Staff could sue if discriminated by customers

If anyone has hoped that a change in government would reduce the regulatory burden in the UK the new Equality Act that comes into force on October 1 will give them a crude awakening. The Act will give workers the right to seek compensation from employers who fail to take reasonable steps to protect them from any form of discrimination by a third party. This fits in perfectly with the news that the number of claims lodged with employment tribunals in the period 2009/10 has rocketed by 56 per cent to 236,100. Lawyers must lick their fingers when they put two and two together and get ready for the next wave of discrimination claims against hapless employers. As will experts in relocation away from these green shores.

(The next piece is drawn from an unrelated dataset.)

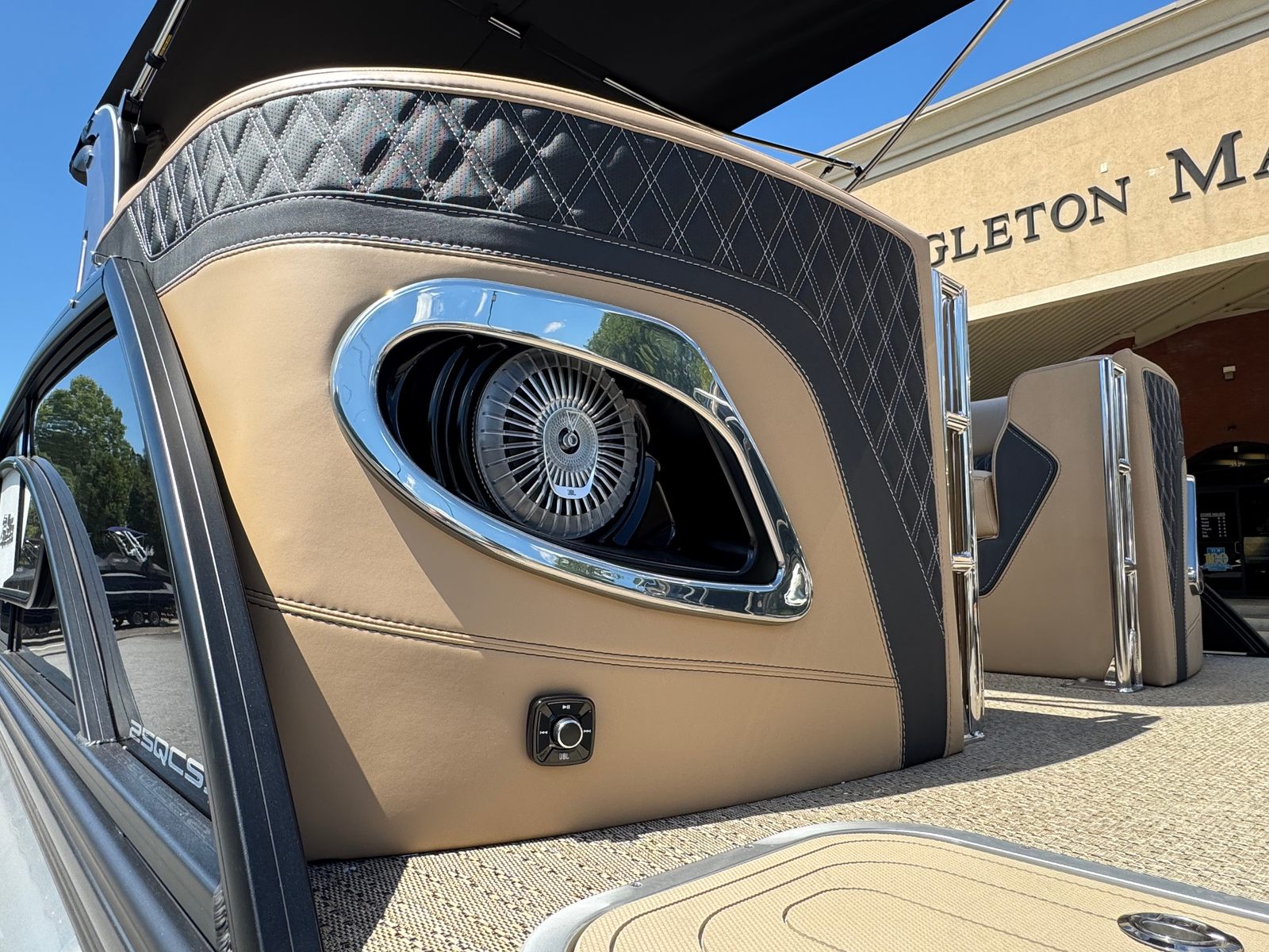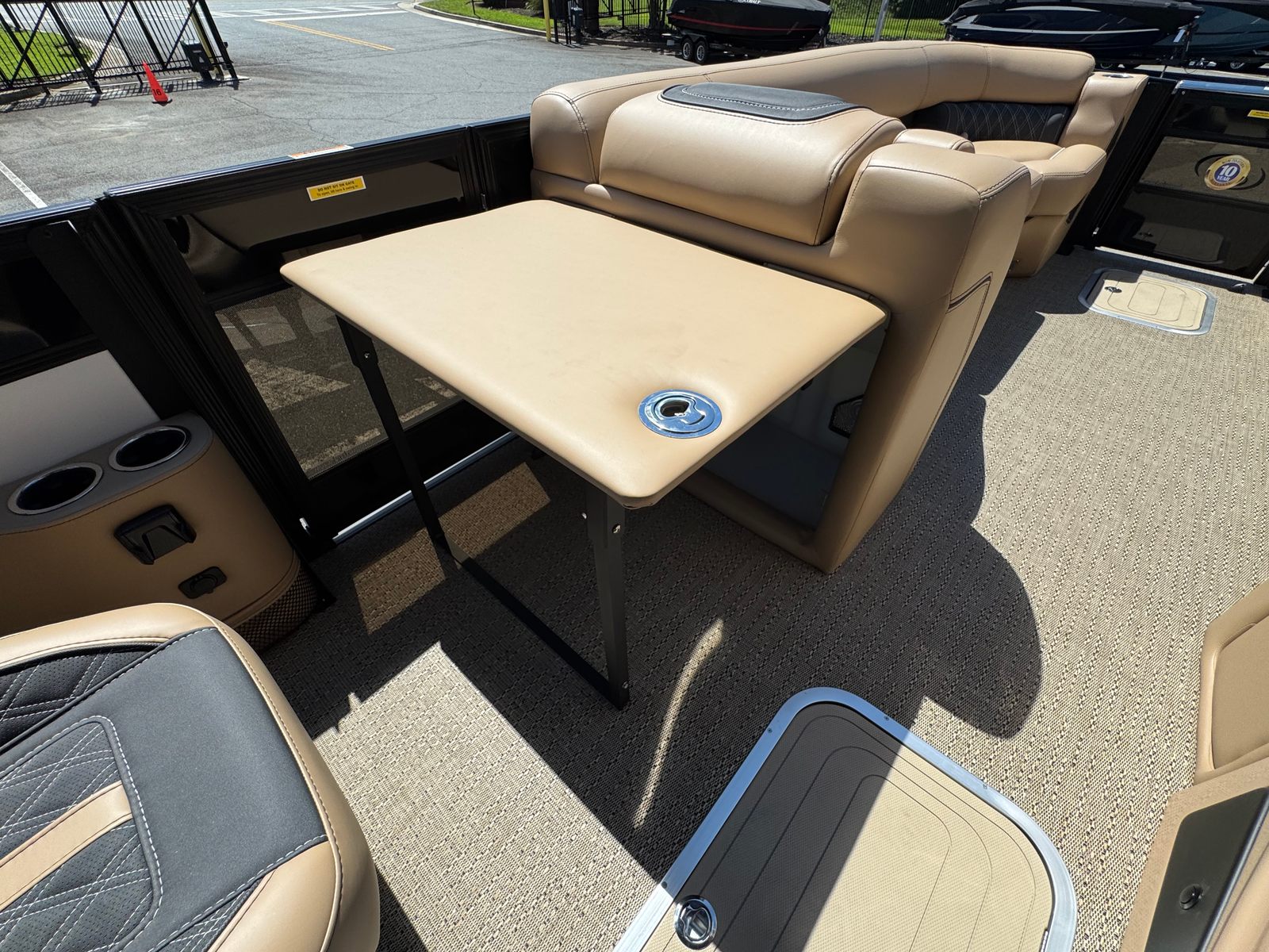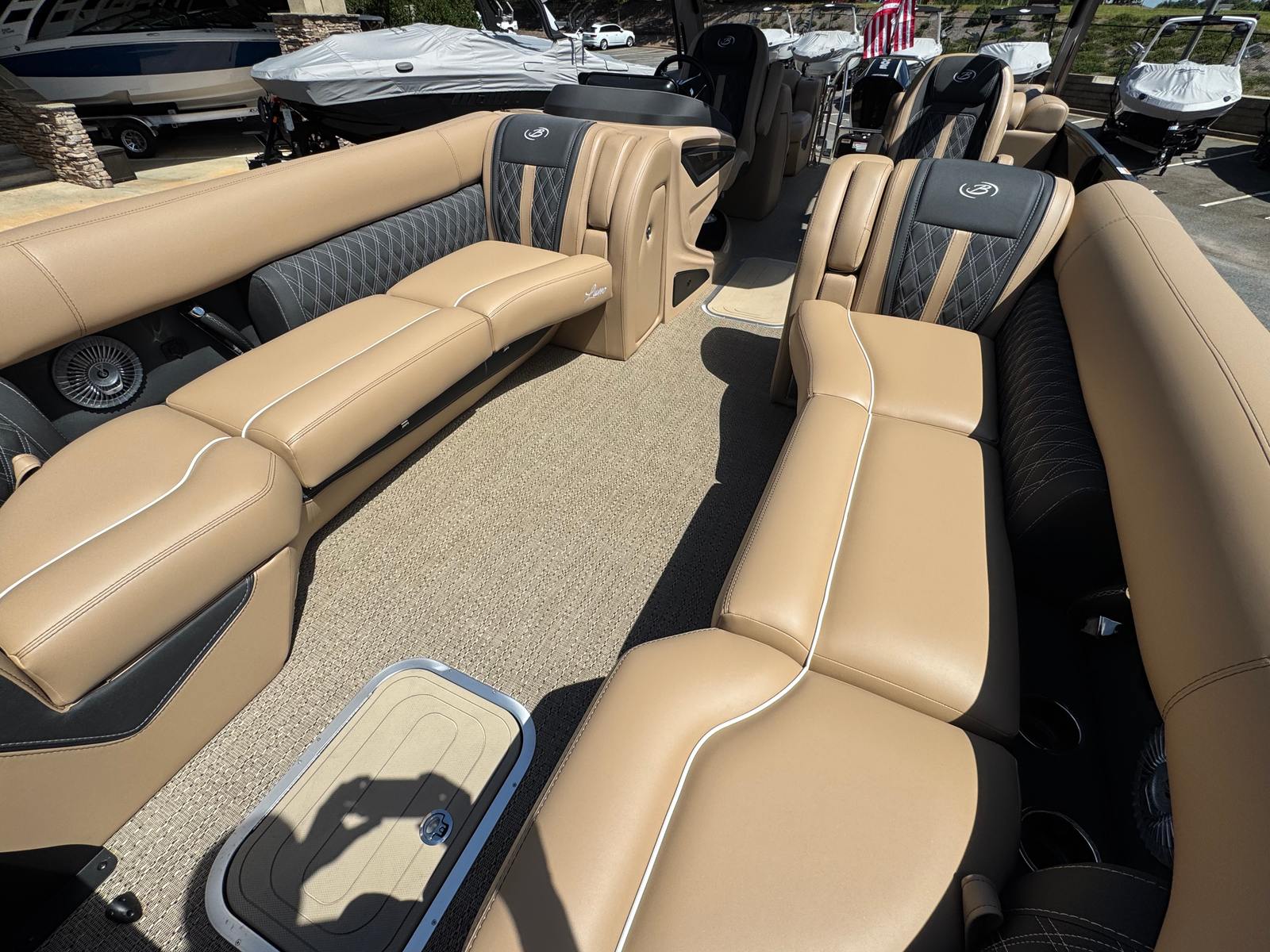 Step aboard and experience the thoughtful features that set the Barletta Lusso L25QCSSA apart. The flooring is finished in Amore Tan, offering both durability and a touch of elegance underfoot. The furniture, upholstered in Carmella Tan with Onyx accents, creates a warm and inviting atmosphere, perfect for relaxing or entertaining guests. The Black Diamond sweep color and Winter White accent color add a sophisticated flair to the boat’s overall aesthetic, while the Blackout Package Lusso railskin package enhances its modern appeal.For added protection and longevity, the Metal Jacket Protectant shields the boat’s exterior from the elements. Enjoy ambient evenings with white underdeck and underwater exterior lighting, creating a captivating glow that enhances nighttime outings. The boat is made water-ready with a stainless steel prop, ensuring optimal performance and reliability from day one. Digital gauges provide clear and accurate information at a glance, keeping you informed and in control throughout your journey.

How to define Prop Trading

All market professionals know what proprietary trading positions are when they see one. But one has to doubt if regulators - or the politicians pulling their strings - are so perceptive. They also will have to write regulations that are as watertight as possible and define the term so that it fits as many conceivable real-life situations as possible. But consider this: any boring retail bank has by necessity some mismatch between the maturity of assets and liabilities. One could say that this mismatch - and even more the changes to it as market conditions/expectations evolve - constitutes proprietary trading. The lesson is that the elimination of proprietary trading will not by itself solve the problems that are inherent in a banking system that is based on the (false) premise that there will never be market panics and/or that the authorities can always contain them at no or little cost to the taxpayer.

13 Sept 2010

Investment Banking Jobs in Danger?

When the prominent banking analyst Meredith Whitney predicts substantial job cuts in the investment banking industry it pays to listen. After all, in 2007 she had correctly predicted that banks would be under severe pressure when she highlighted that Citigroup was under capitalized. As we at Temple Associates work as business as well as recruitment consultants for financial services firms we look at this chilling news from two angles. Naturally we were pleased with the brisk demand for staff that we have seen during the past 6 - 12 months. As business advisers, however,  we were always sceptical about firms that hired staff 'by the dozen' and tried to expand at breakneck speed. Many of the worst perpetrators are no longer with us as their businesses lacked the cohesive culture that would have allowed them to navigate the dry patches that any investment banking business invariably goes through from time to time. More often than not the salaries that were handed out in order to entice experienced professionals to join were higher than necessary and burdened the business with excessive fixed costs.

12 Sept 2010

No one helps Bank analyst Bove in hour of need

We are not able to confirm details in today's New York Times article about the lack of support for Dick Bove. BankAtlantic, a Florida bank, sued him, accusing him of defamation after he wrote a report about the banking industry in July 2008, just as the financial crisis was starting to boil over. The bank contended that the report falsely suggested that the institution was in trouble.
But if his claim that several associations that represent stock analysts or the securities industry declined his requests to help him pay his legal bills it leaves a sour taste in the mouth - to say the least. What use are the Securities Industry and Financial Markets Association, the New York Society of Security Analysts and the CFA Institute if they decline to make a stand for independent investment research. To cap it all, they declined to comment when approached by the New York Times. Even worse - the investment bank Ladenburg Thalmann, his then employer, chose to settle its end of the case by paying BankAtlantic $350,000, without admitting to any wrongdoing, and leaving Mr. Bove to defend himself.  We are glad to report that Bove won his court case against the Bank but is still left with legal bills totalling $800,000. The stakes in a case like this are high as any successful lawsuit against an analyst would deter critical analyst comments in the future and stifle independent research.